Men, Women, and Sexuality: More Similar Than Different

Esther Perel

The most common misconception about male vs. female sexuality is that men are creatures of nature, while women are creatures of meaning. Biology drives him. Emotions drive her.

But while we say women are so complex, we need to remember that men are not so simple. In my practice, I frequently hear stories from patients that indicate these gender myths make us lose sight of what is actually happening. 

Saddled with these narrow ideas of sexuality, we suffer through unfulfilled sexual and emotional needs. And our relationships pay the price. 
So let's explore some ways that this common script can be turned on its head.

Male Sexuality Can Be Relational -- and Emotional

A major unknown of male sexuality is how relationally-driven it really is. Men hold hidden stories that they often don’t share with anyone. Even themselves. This is as true in sex -- where we expect men to be driven -- as it is in men’s emotional lives. Perhaps even more true in the arena of sex because of the age old concept of what it means to be "a real man." 

Fear of rejection, performance anxiety, guilt, shame, insecurity, and depression -- all these are internal states that greatly influence a man’s feeling about himself and his self-esteem. They seep directly into his sexual self, his desires, and fantasies. And they determine his sense of entitlement and deprivation. This makes male sexuality very emotional.
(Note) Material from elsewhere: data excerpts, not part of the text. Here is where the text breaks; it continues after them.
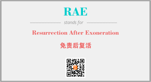 上述内容是“Resurrection After Exoneration”作为“RAE”的缩写,解释为“免责后复活”时的信息,以及英文缩略词RAE所代表的英文单词,其对应的中文拼音、详细解释以及在英文中的流行度和相关分类、应用领域及应用示例等。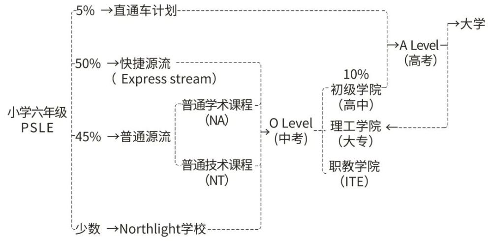 經(jīng)過層層分流,從四年級的GEP,到六年級的PSLE,再到O level,再到A level。
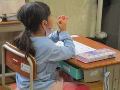 手洗いとうがいの練習の様子です。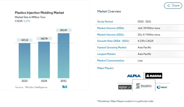 The Plastics Injection Molding Market is witnessing steady growth, with the global market size projected to increase from 163.78 million tons in 2026 to 201.47 million tons by 2031, representing a CAGR of 4.23%. This growth reflects the market’s critical role in producing cost-effective, high-volume components for diverse industries such as packaging, automotive, electronics, and healthcare. Rising e-commerce, expanding electric vehicle (EV) production, and stricter recyclability regulations are driving demand across various sectors.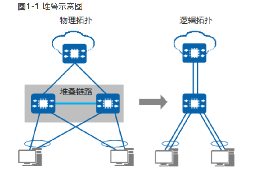 多台物理交换机通过堆叠线缆连接,逻辑上组成"一台设备",统一控制和管理。

Male sexuality is about how the man feels about himself in view of the other. This explains why so many men would rather not be with a partner. It is easier to be alone than to feel the pain associated with “measuring up” -- or the anxiety of failing to. 

I often hear men say that nothing turns them on more than to see their partner (male or female) turned on. Women who come into my office rarely express the same sentiment. 

In being turned on by seeing their partners "into it", these men reveal some important features of themselves. They reveal their generosity, their care for the pleasure of their partner. 

I've often found that this pleasure is important to men because it confirms that he is not being predatory. In his partner's blissful face, he knows that he is not hurting, he is pleasing. 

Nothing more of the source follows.